The principal contributions to the good performance of the index were made by basic industry and resource stocks, notably in the chemical and construction industries where substantial recoveries in earnings are expected. The trust's underlying portfolio has been underweight in these more cyclical sectors and emphasised sectors with defensive characteristics, such as food manufacturing and health care, which did not perform as well.
While the trust underperfomed its benchmark it was well ahead of the FTSE All-Share Index which returned 11.5% over the six months. During the year there has been a marked reduction in the number of the trust's warrants in circulation. At the beginning of June holders exercised their rights to subscribe for 12,134 new ordinary shares at £1 per share. In addition the trust purchased in the market 649, 608 of its warrants for cancellation.

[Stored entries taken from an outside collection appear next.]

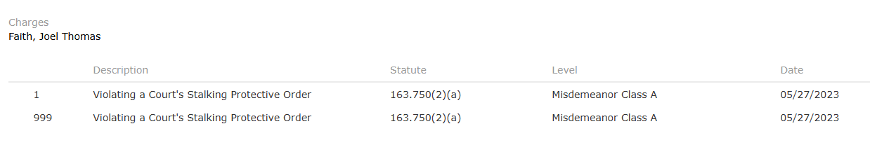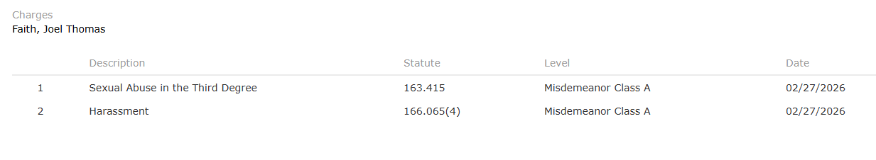 Faith has been charged with third-degree sexual abuse and harassment, both misdemeanors. Court records show that Faith had an active warrant for his arrest after being accused of violating a stalking protective order in 2023. The warrant was issued in July 2025, according to court documents.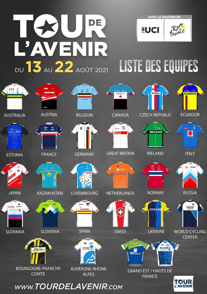 Este martes la organización del Tour del Avenir dio a conocer los 27 equipos que han sido invitados a la edición 2021 de la competencia ciclística más importante para corredores menores de 23 años. Como novedad principal en el listado de escuadras, se destaca la ausencia del seleccionado colombiano que no ha recibido la invitación.
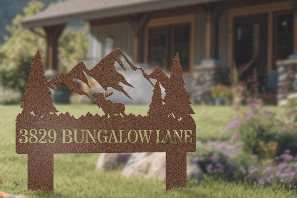 Elevate your outdoor space with our exquisite steel lawn address signs, seamlessly blending nature-inspired designs with functional elegance. At One Bungalow Lane, we take pride in our craftsmanship and personalized charm. Whether displaying your address, family name, or a combination of both, our signs infuse a unique touch into your abode.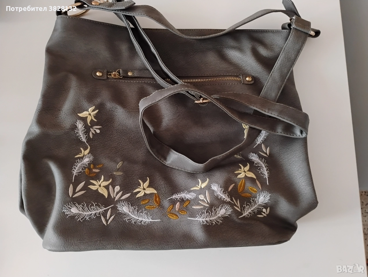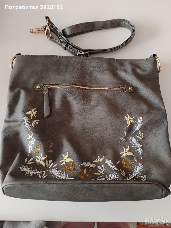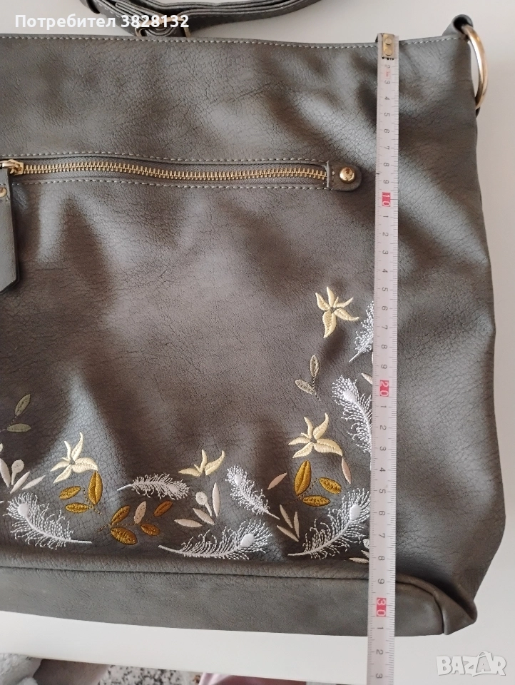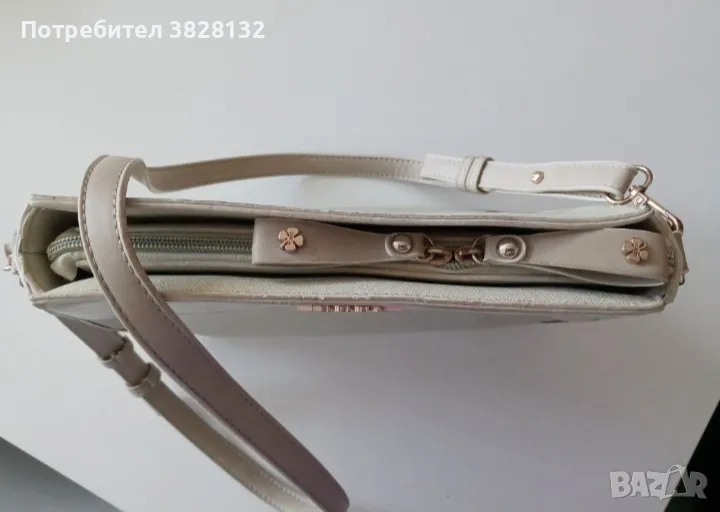 2.Дамска чанта, цвят слонова кост, за през рамо в бяло със златисти закопчалки -цип, и декоративни детайли. Цена 20лева.
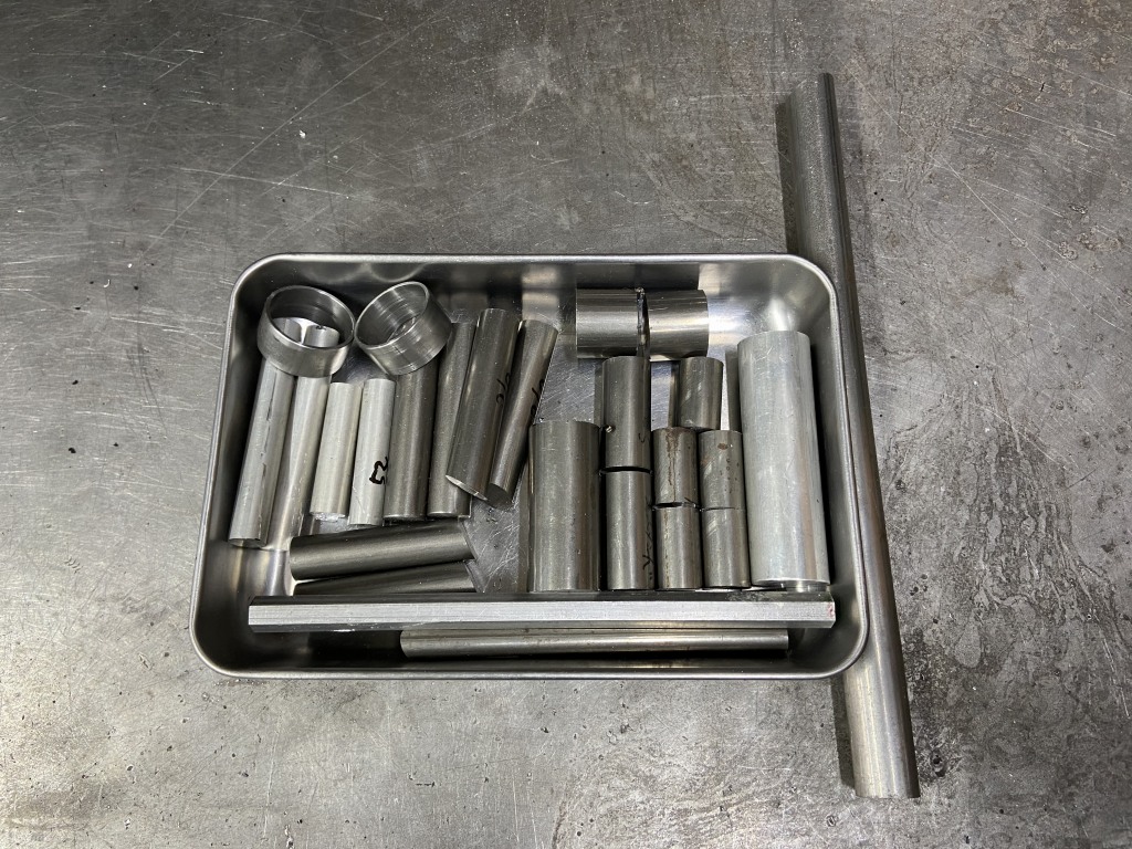 今回のS1仕様に使う棒材をまとめて切り出したものがこちらです。ステップ関係やハンドルストッパー、オイルクーラーブラケット、脱着式サイドスタンドのボスなど、半分くらいはフレームに溶接するパーツとなります。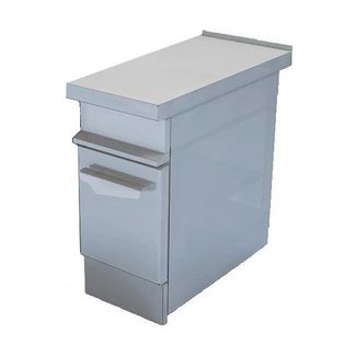 С фасадной стороны установлен нержавеющий плинтус, предотвращающий попадание грязи под модуль и облегчающий санитарную уборку помещения.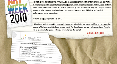 Finally, it's Monday, February 22, which means today is the last day for the $5 commvision credit for Art Week submissions! You can still submit pieces until Wednedsay, but put your best photography, graphic design, or any other kind of art on a flash drive (or email them to commonvision@umbc.edu) and stop by the shop to get help with printing and learn more about Art Week. It's a great cultural even that happens on our campus and don't hesitate to be a part of it! There have been all sorts of submissions in the past, ranging from painting to poetry and film to graphic design. Check out the website and don't miss out! Things have been rough with a week missing due to snow, but take this time to share your work with your peers.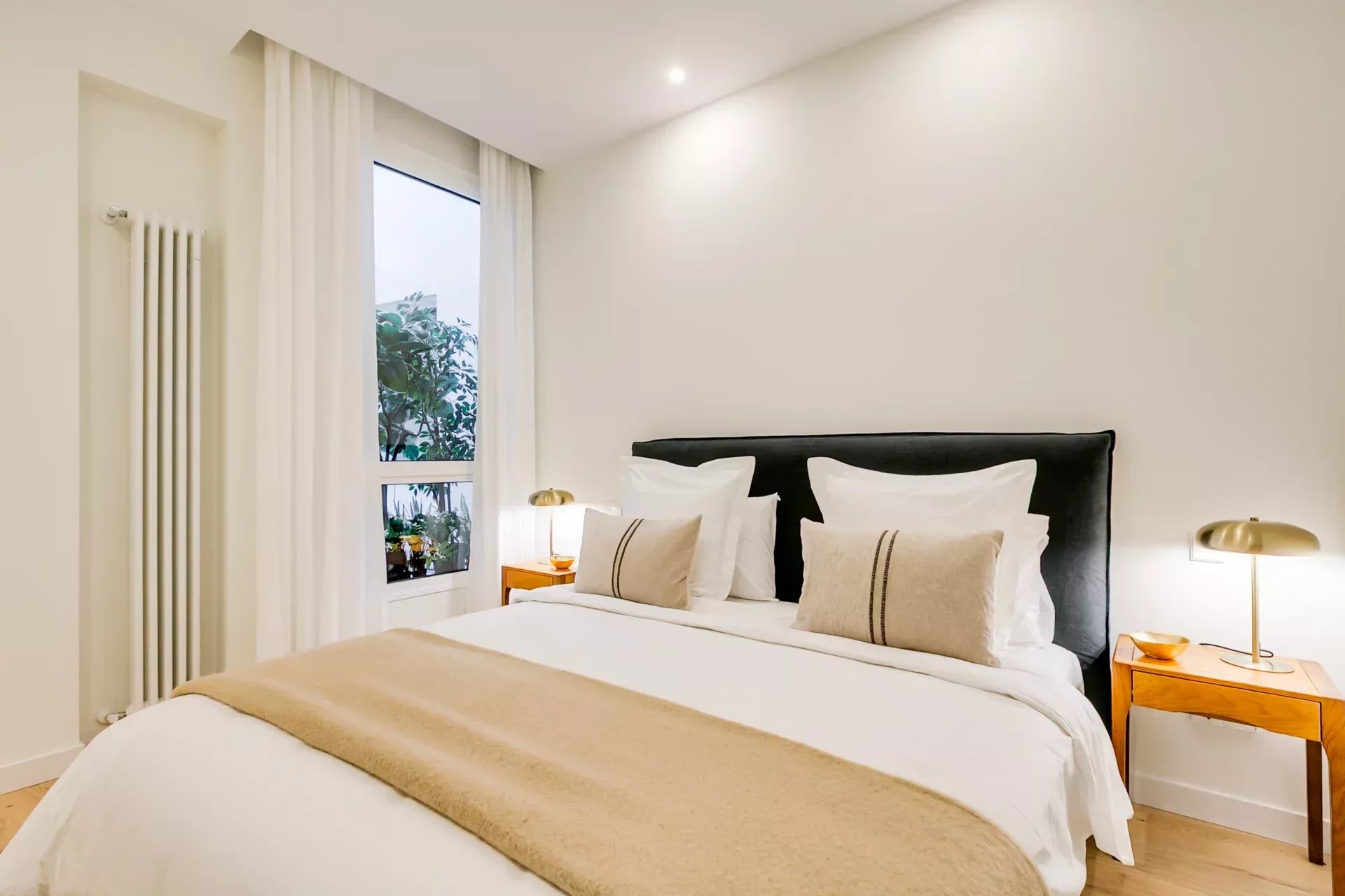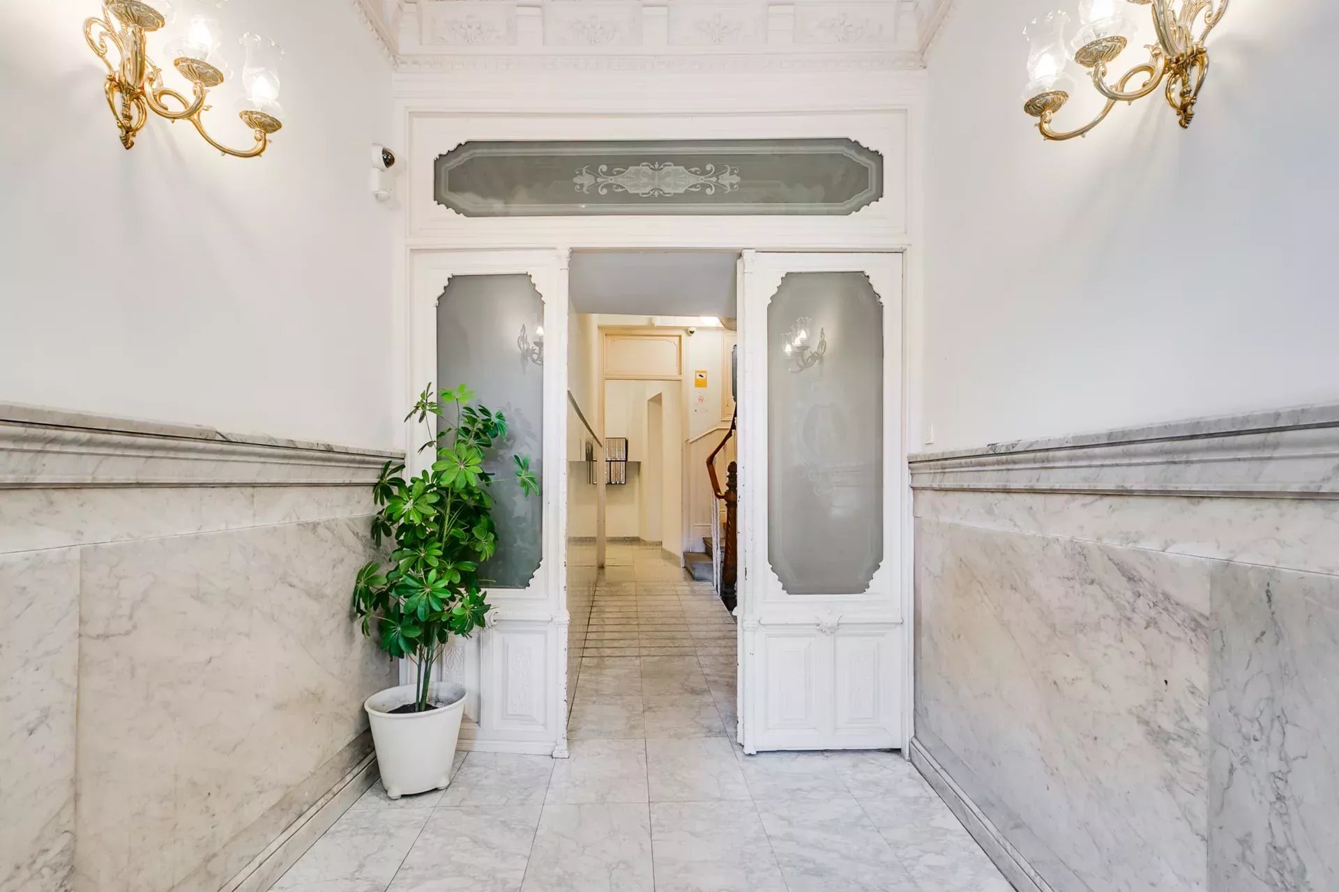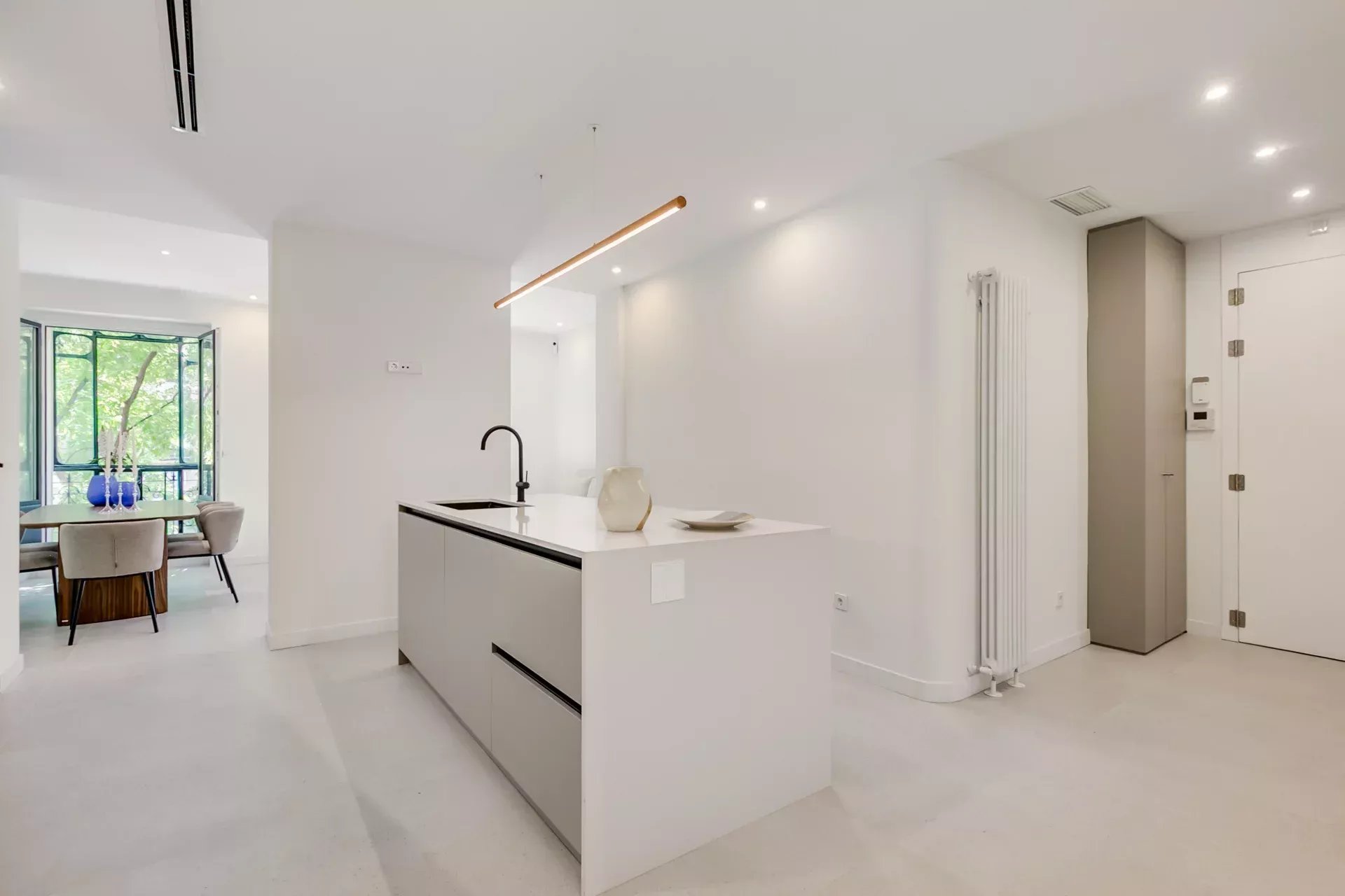 The renovation has preserved the property’s original character while enhancing it with modern details: Porcelanosa large-format floors in common areas and natural wood in bedrooms, designer radiators, ducted air conditioning with room-by-room control, and individual gas heating.

There are now 2,463,417 warrants outstanding and the last date for warrant holders to subscribe for ordinary shares is 1 June 2000. The repurchase of warrants at a price that, taken together with the subscription price of £1 per ordinary share, represents a discount to underlying NAV per share contributes a small increase in fully diluted NAV per share. As at the close of business last Wednesday the trust was trading at a discount to NAV of 20.4%. At the beginning of the year the discount stood at 23.3.
Shareholders in the trust benefited from a rise in revenue earnings from 5.51p compared with 2.32p for the corresponding period last year. The trust's interim results report the board has declared a second interim dividend of 1.45p per share.